How to Resolve Back Tax Returns

Resolving back tax returns requires proactive steps and cooperation with the IRS. Here are some steps taxpayers can take to address their back tax issues:

  1. File Delinquent Tax Returns: Start by filing any delinquent tax returns as soon as possible to bring your tax filings up to date. Gather all relevant documentation, such as income statements, expense records, and other tax documents needed to prepare and file your returns accurately.
  2. Pay Overdue Taxes: Pay any overdue taxes owed to the IRS to avoid further penalties and interest accrual. If you’re unable to pay the full amount owed, consider setting up an installment agreement with the IRS to pay off your tax debt over time.
  3. Communicate with the IRS: If you’re unable to pay your taxes in full or if you’re experiencing financial hardship, communicate with the IRS to discuss payment options and potential arrangements. The IRS may be willing to work with you to set up a payment plan or offer other relief options based on your financial situation.
  4. Seek Professional Assistance: If you’re unsure about how to resolve your back tax issues or if your tax situation is complex, consider seeking assistance from a tax professional or accountant who can provide guidance and support throughout the process.
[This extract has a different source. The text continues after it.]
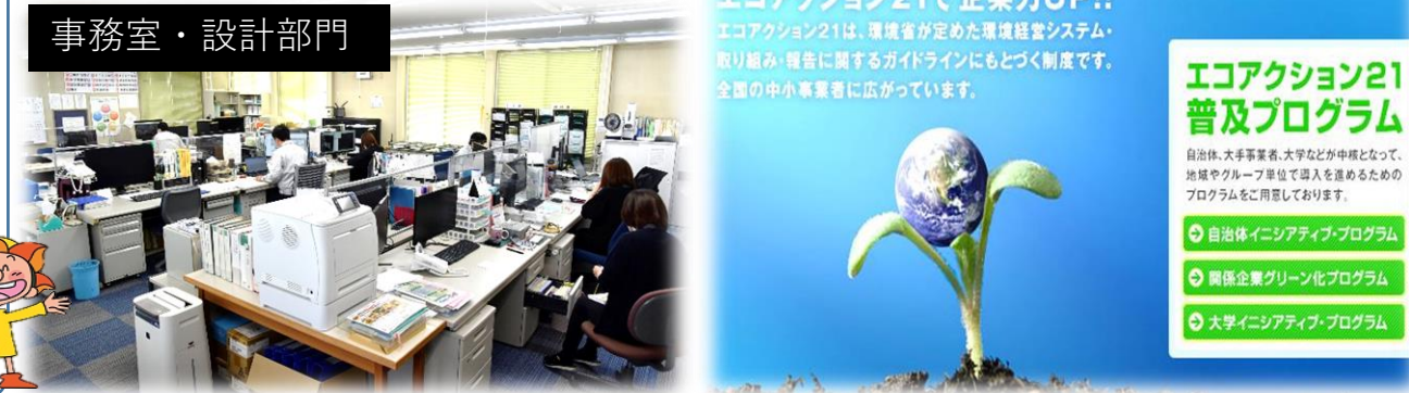
事務室・設計部門

Dealing with back tax returns can be a challenging and stressful process, but it’s essential to address these issues proactively to avoid further consequences and penalties. By understanding how the IRS goes after back tax returns, including its enforcement actions and consequences for non-compliance, taxpayers can take steps to resolve their tax issues and regain compliance with their tax obligations. If you’re facing back tax issues, don’t hesitate to seek assistance from a tax professional or accountant who can help you navigate the process and achieve a favorable resolution with the IRS.